What You Should Do Next
If you haven't watched Clue in a few years, go back and watch it with a specific focus on the background.
Don't watch the person talking. Watch the faces of the other actors. Watch Michael McKean’s face when Mrs. Peacock is screaming. Watch Martin Mull’s confused expressions during the "1+2+1+1" math monologue. The movie is a masterclass in "reaction acting."
- Seek out the "Director’s Cut" versions: While the theatrical release separated the endings, the home video version (and most streaming versions) includes all three played back-to-back. This is the only way to experience the full scale of the ensemble's work.
- Compare to Knives Out: If you're a fan of modern mysteries, watch Clue and then watch Rian Johnson's Knives Out.
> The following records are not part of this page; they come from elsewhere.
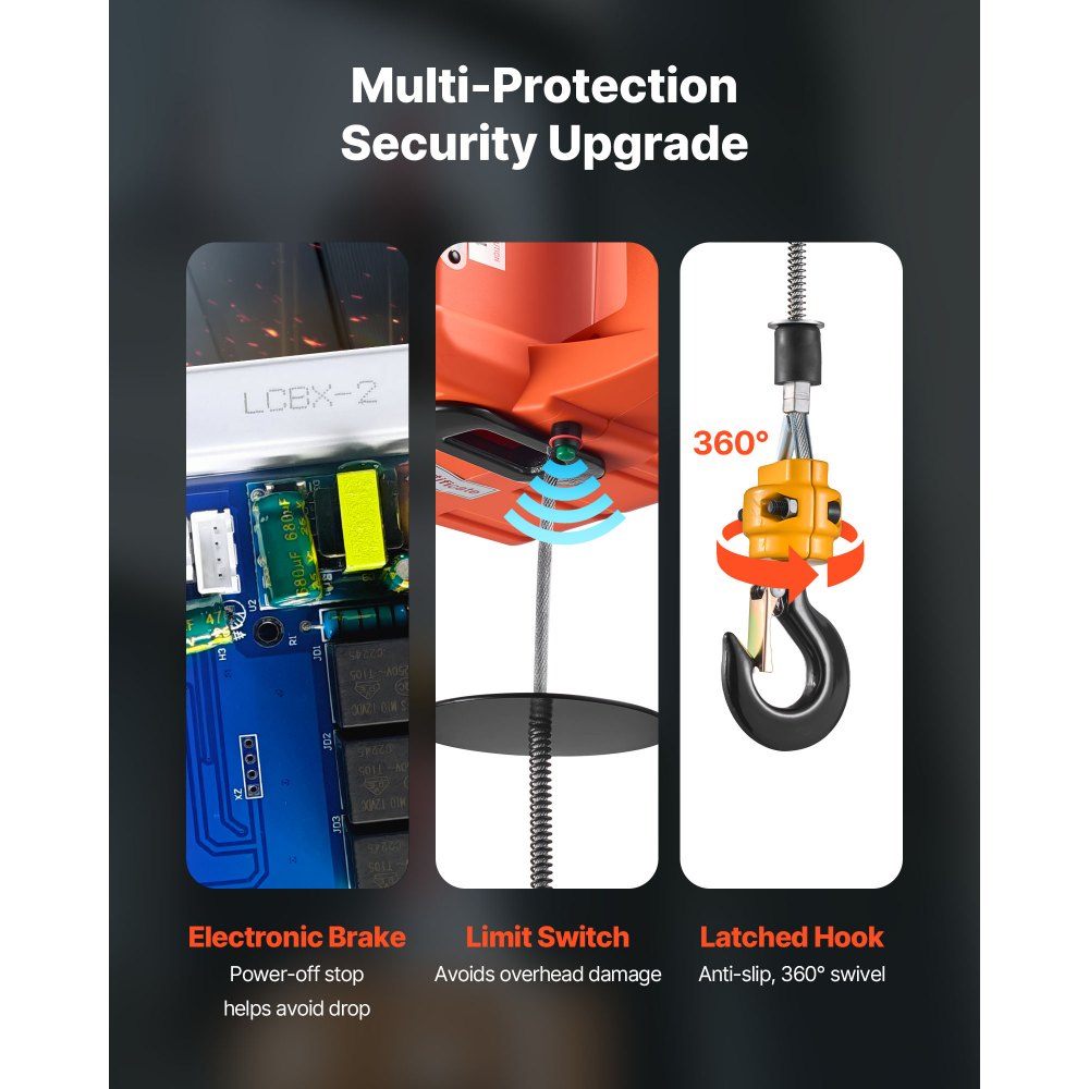 Ισχυρή ικανότητα ανύψωσης: Αυτό το φορητό βαρούλκο χειρίζεται έως και 1.550 λίβρες, ανυψώνει με 16,4 πόδια/λεπτό (χωρίς φορτίο) και φτάνει τα 25 πόδια. Σας βοηθά να ανυψώνετε μηχανές, χάλυβα ή έπιπλα σε γκαράζ, αποθήκες ή μπαλκόνια. Πολυεπίπεδη προστασία ασφαλείας: Αυτό το ηλεκτρικό βαρούλκο ανύψωσης συνδυάζει ηλεκτρονικά και μηχανικά φρένα για σίγουρο σταμάτημα. Ένας διακόπτης ορίου και ένα γάντζο μανδάλωσης 360° προσθέτουν ασφάλεια, ενώ ο κινητήρας σταματά αυτόματα σε περίπτωση απώλειας ισχύος ή στο ανώτατο όριο για να αποφεύγονται οι πτώσεις. Εύκολος έλεγχος 3 σε 1: Αυτός ο ηλεκτρικός ανυψωτήρας χειρός αντιμετωπίζει κάθετες ανυψώσεις και οριζόντια έλξεις σε μία μονάδα. Τα κουμπιά της λαβής ανταποκρίνονται γρήγορα, το ενσύρματο τηλεχειριστήριο 24 ποδιών προσφέρει ακριβή έλεγχο κλεισίματος και το ασύρματο τηλεχειριστήριο 200 ποδιών υποστηρίζει την ομαδική εργασία εν κινήσει. Ανθεκτικός, αξιόπιστος κινητήρας: Αυτός ο ηλεκτρικός γερανός με βαρούλκο χρησιμοποιεί κινητήρα 1500 W με ψύξη με εξαναγκασμένο ανεμιστήρα και διευρυμένες ψήκτρες άνθρακα. Ο σχεδιασμός βοηθά στην επίτευξη σταθερής απόδοσης και μεγαλύτερου χρόνου εργασίας για καθημερινές εργασίες. Ανθεκτική κατασκευή καλωδίου: Αυτός ο φορητός γερανός με βαρούλκο περιλαμβάνει ένα συρματόσχοινο από γαλβανισμένο χάλυβα υψηλής αντοχής που αντιστέκεται στη συστροφή και τη διάβρωση. Το καλώδιο βοηθά στην αποφυγή τσακίσεων και υποστηρίζει ασφαλέστερη μακροπρόθεσμη λειτουργία.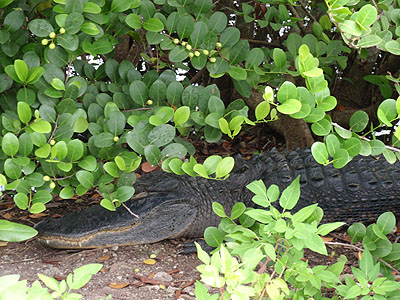 Na chvíli jsme se zastavili na další slepé odbočce, která nás zavedla k nevelkému mokřadu. Jak se tak rozhlížíme, tak najednou zjišťujeme, že ve křoví hned vedle chodníku leží další aligátor. Naštěstí spal...   Cestou zpátky k autu jsme v tůňce vedle chodníku objevili dalšího aligátora, dnes již čtvrtého. Ze začátku to vypadlao, že toho na Aningha Trail moc neuvidíme, ale nakonec jsme na další stanoviště odjížděli nadšení!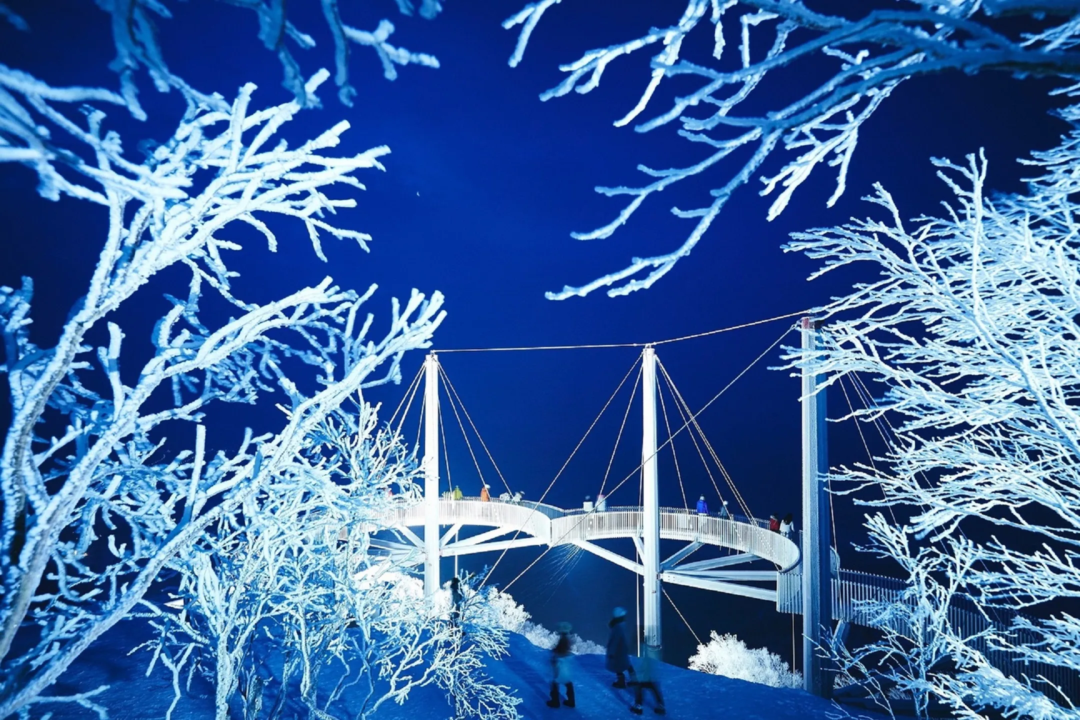期間限定で霧氷テラスにある展望スポット「Cloud Walk(クラウドウォーク)」や「Cloud Bar(クラウドバー)」と道沿いなどをライトアップします。ライトアップされた霧氷を様々なスポットで眺めながら過ごせます。霧氷がライトに照らされて、きらきらと輝く光景は、夜にしか見られません。昼とは違う霧氷の絶景を眺めることができます。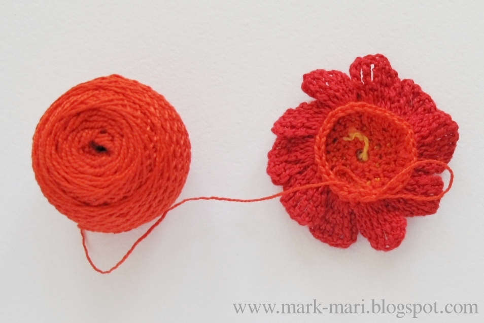 Четвертый ряд круга-основы обвязывается двумя рядами красных лепестков - за переднюю и за заднюю стенки.
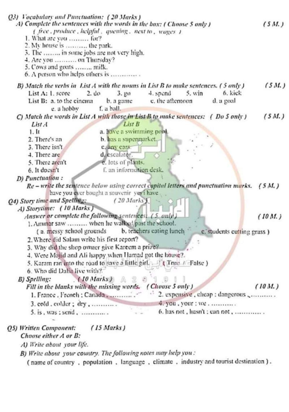 اسئلة الانكليزي الوزارية للصف الثالث المتوسط 2024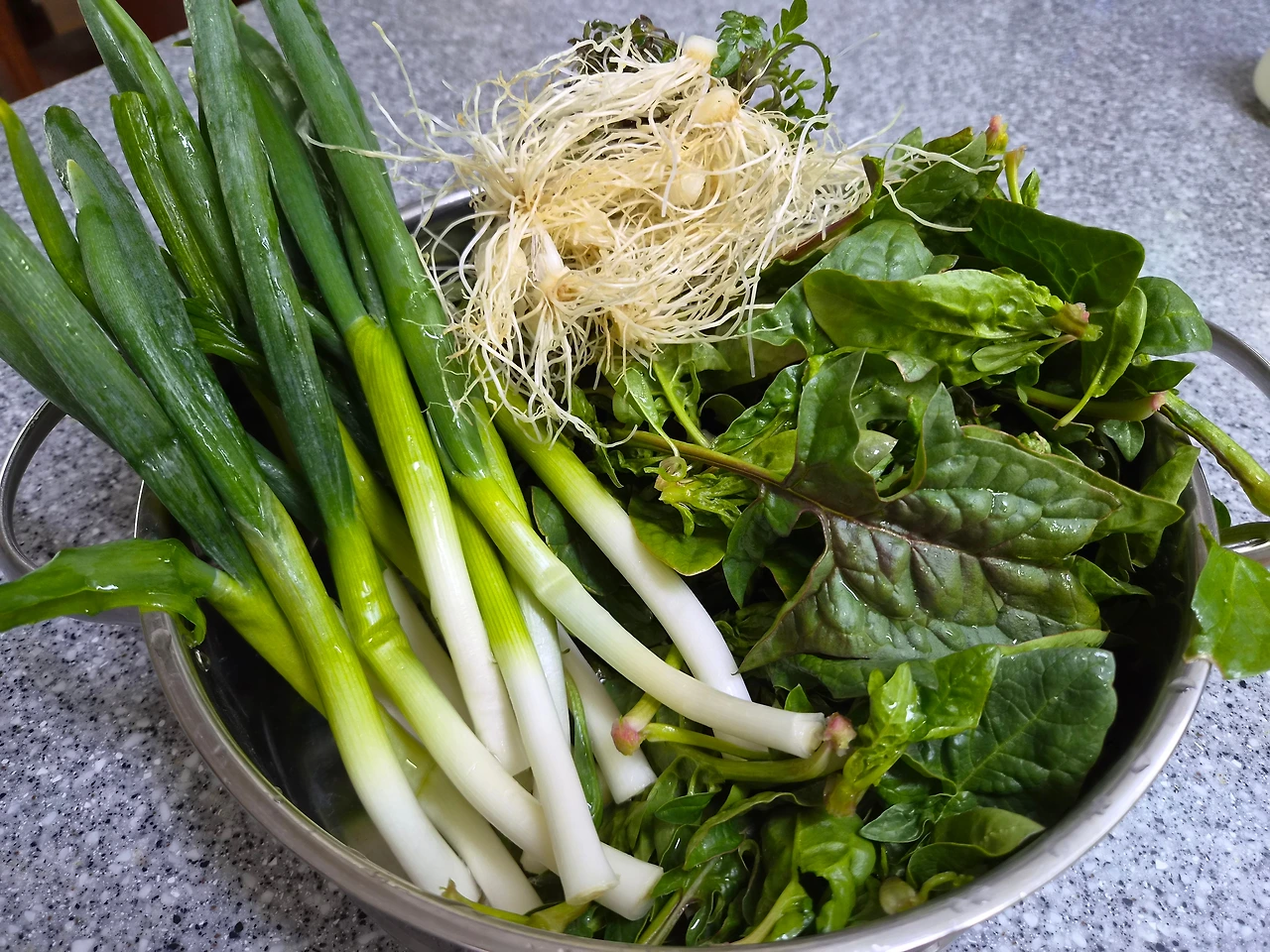 달큰한 시금치, 움파의 싱그러운 색감과 진한 향, 그리고 흙의 기운을 고스란히 품은 냉이로 저녁상을 차렸다.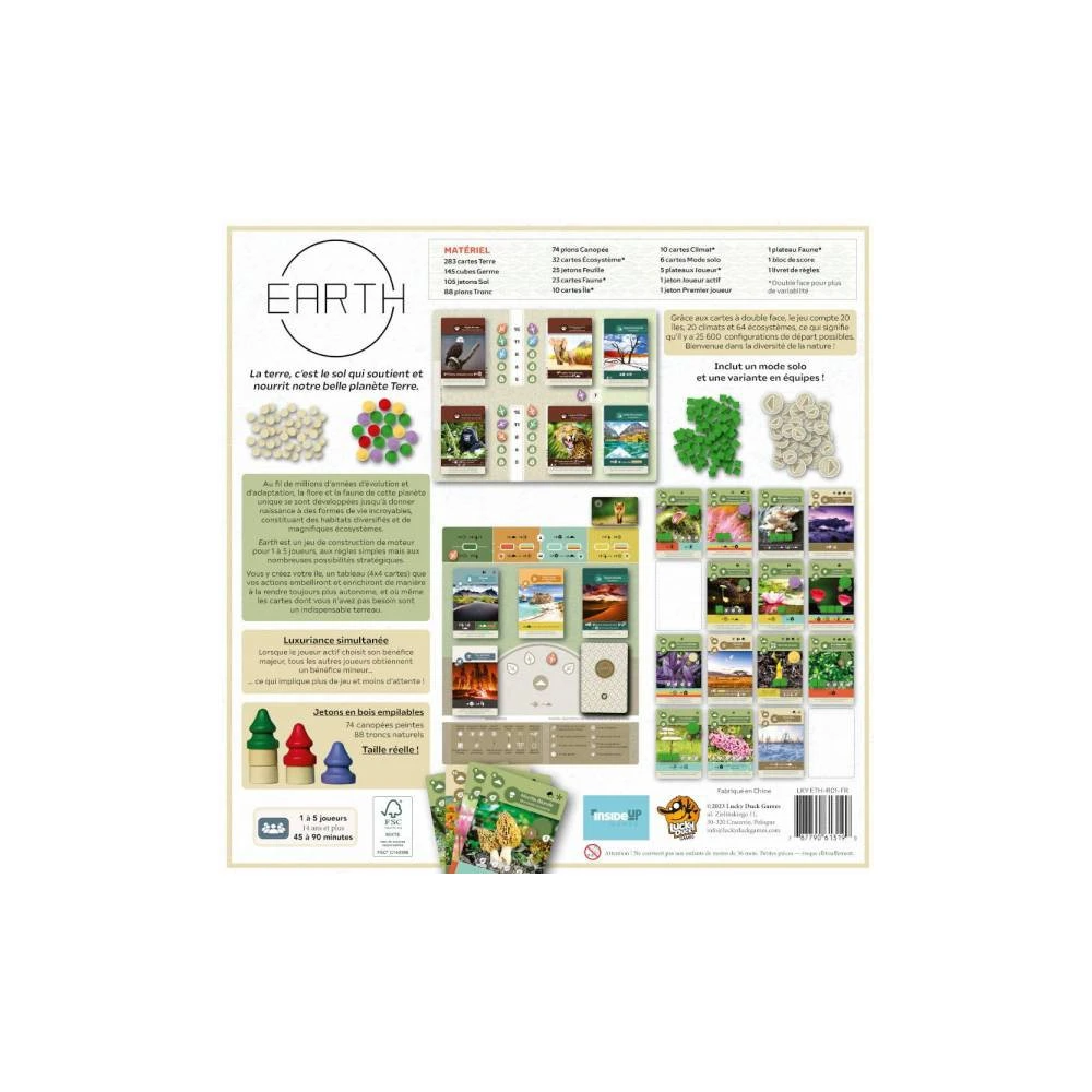 Dans le jeu Earth, vous allez devoir créer votre île en choisissant judicieusement vos cartes parmi les 358 cartes uniques et en les plaçant afin de constituer des écosystèmes autosuffisants.

You'll see the DNA everywhere—from the eccentric patriarch/butler figure to the way the camera moves through a crowded room.
- Check out "Psych": The TV show Psych did a tribute episode called "100 Clues" that brought back Christopher Lloyd, Lesley Ann Warren, and Martin Mull. It’s a beautiful, chaotic love letter to the original film and shows that even decades later, that chemistry hadn't faded.
The reality is that we probably won't see a cast like this again. The economics of Hollywood make it too expensive to put seven or eight A-list character actors in a single-room comedy. Clue remains a singular moment where the right people met the right script at the exact right time, even if the world wasn't ready for it in 1985.
Next time you’re stuck on a rainy night, skip the new releases. Put on the movie about the board game. Watch the butler run. Watch the lady in the veil stutter about "flames." It’s better than you remember, mostly because the people in it were better than they had any right to be.